L’Europe et la France détournent les yeux, tandis que le gouvernement américain d’Obama, convoque l’ambassadeur tunisien à Washington pour lui demander des comptes. La France et l’Europe sont dans m’embarra, car la Tunisie était jusqu’à présent promu comme modèle économique pour le Maghreb, récompensée par une inclusion dans la sphère de libre-échange, bon partenaire pour lutter contre l’immigration et le terrorisme. L’autoritarisme du pays aux mains de Ben Ali, permettait de donner des gages de stabilité aux investisseurs extérieurs…
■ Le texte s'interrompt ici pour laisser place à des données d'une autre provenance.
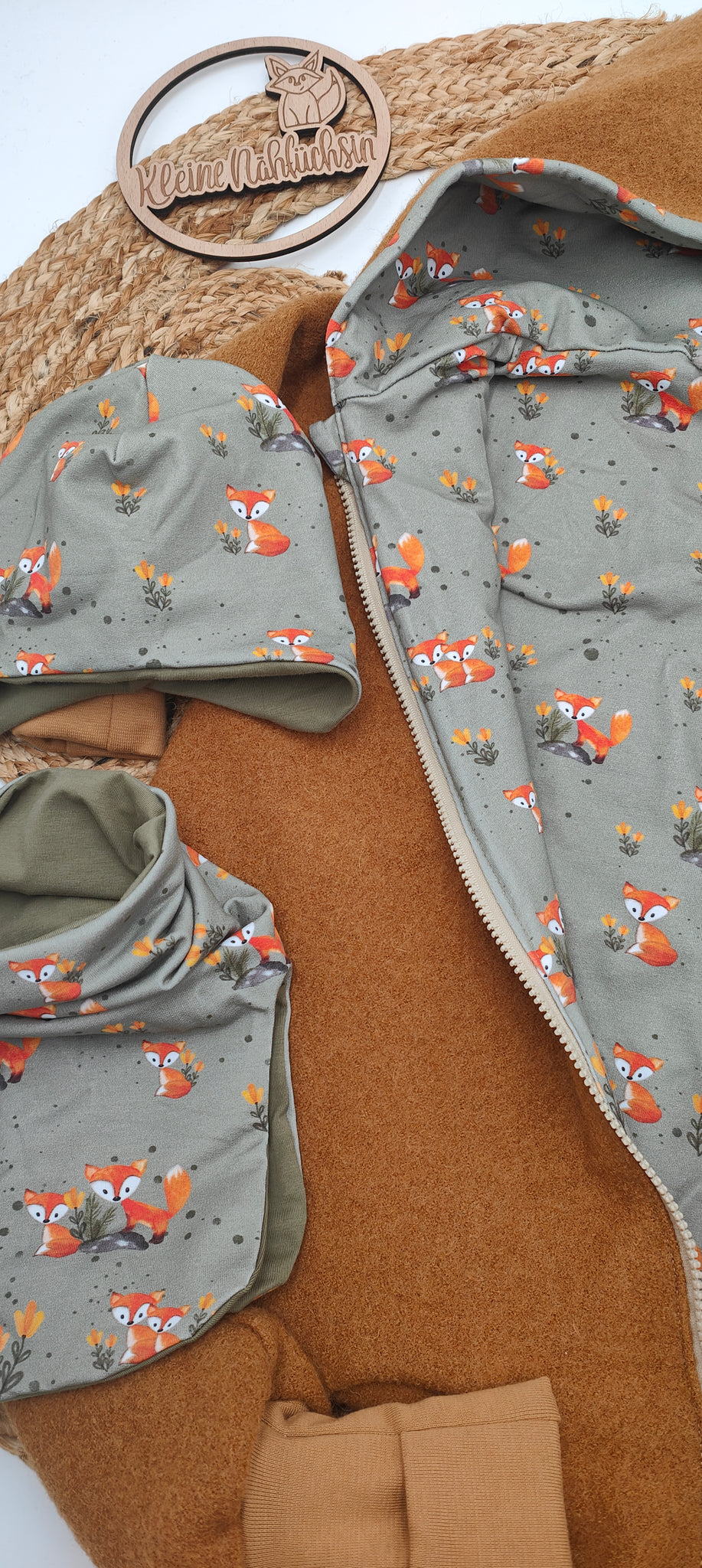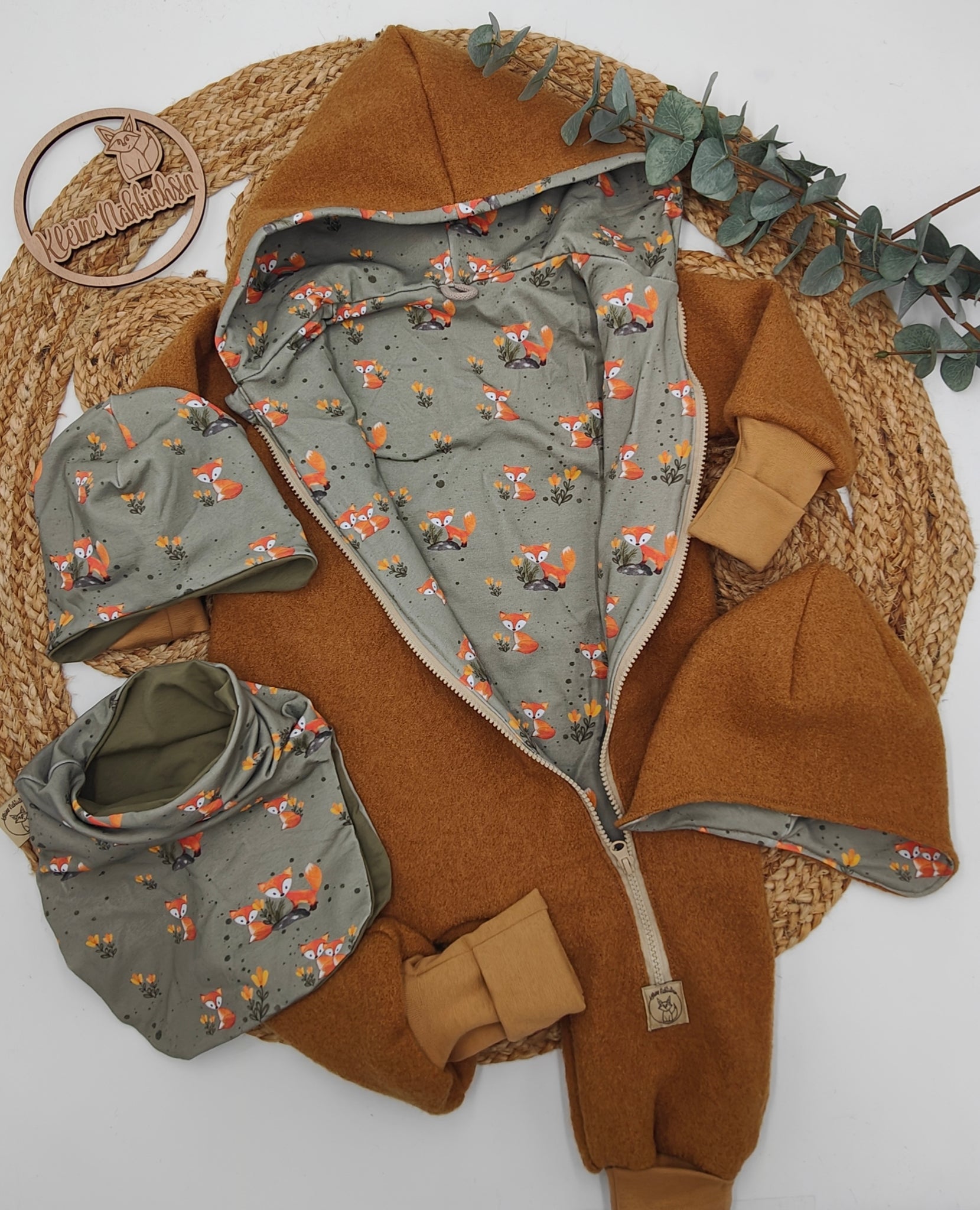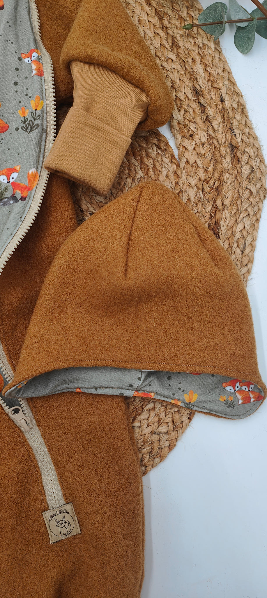 Da der Overall aus Walk (100% Schurwolle) angefertigt wird, ist er temperaturregulierend. Er schirmt an kälteren Tagen super von der Kälte ab, verhindert jedoch auch das Schwitzen des Kindes an wärmeren Tagen. Gefüttert wird der Overall mit dünnem Jersey. Dieser ist angenehm auf der Haut des Kindes.

Ainsi, à l’automne 2009, l’on pouvait entendre l’ancien ministre UMP, député membre du groupe parlementaire d’amitié franco-tunisienne, Eric Raoult, calé son discours sur la rhétorique officielle du régime de Ben Ali. Pour l’UMP Eric Raoult, la liberté d’expression n’est pas adaptée à la Tunisie, au nom de la stabilité économique... Revoir ce reportage, c’est entendre la position officieuse de la diplomatie française – du gouvernement et du parlement - à l’endroit de la soft-dictature tunisienne. Laissez faire pour faire des affaires… Les valeurs démocratiques ne sont malheureusement pas quottées en bourse et s’accommodent mal à la sauce bakchich…


 

 

 

L’Europe et la France ne peuvent rester muettes face à la révolte de la jeunesse du Maghreb (Tunisie et Algérie en ce moment). Les chiffres sont têtus et nous devons tenir compte de la pression démographique qui sera toujours plus forte que les régimes autoritaires. Cette jeunesse a besoin d’un espoir pour son avenir. Nous devons de toute urgence demander à Ben Ali de lever le pied sur la répression.

 

L’Europe doit rappeler le pouvoir tunisien à ses devoirs, car le contrat d’association liant l’Union Européenne à la Tunisie prévoit dans son article 98 le respect des Droits de l’Homme. Il faut faire respecter la clause de progrès démocratique dans le partenariat, être intransigeants sur la corruption. Sinon, cette jeunesse finira par déborder, dans la révolte sociale, le terrorisme ou encore l’extrémisme religieux, une autre partie préférant l’immigration. Nous devons arrêter de soutenir sans conditions l’autoritarisme des pouvoirs en place au nom d’une vaine stabilité, car ce soutien mène à l’explosion sur la rive sud de la méditerranée. Les évènements de ce début janvier 2011 doivent être entendus comme des alertes. Ces bouffées de révolte doivent nous inciter à revoir notre politique euro-(franco)-méditerranéenne.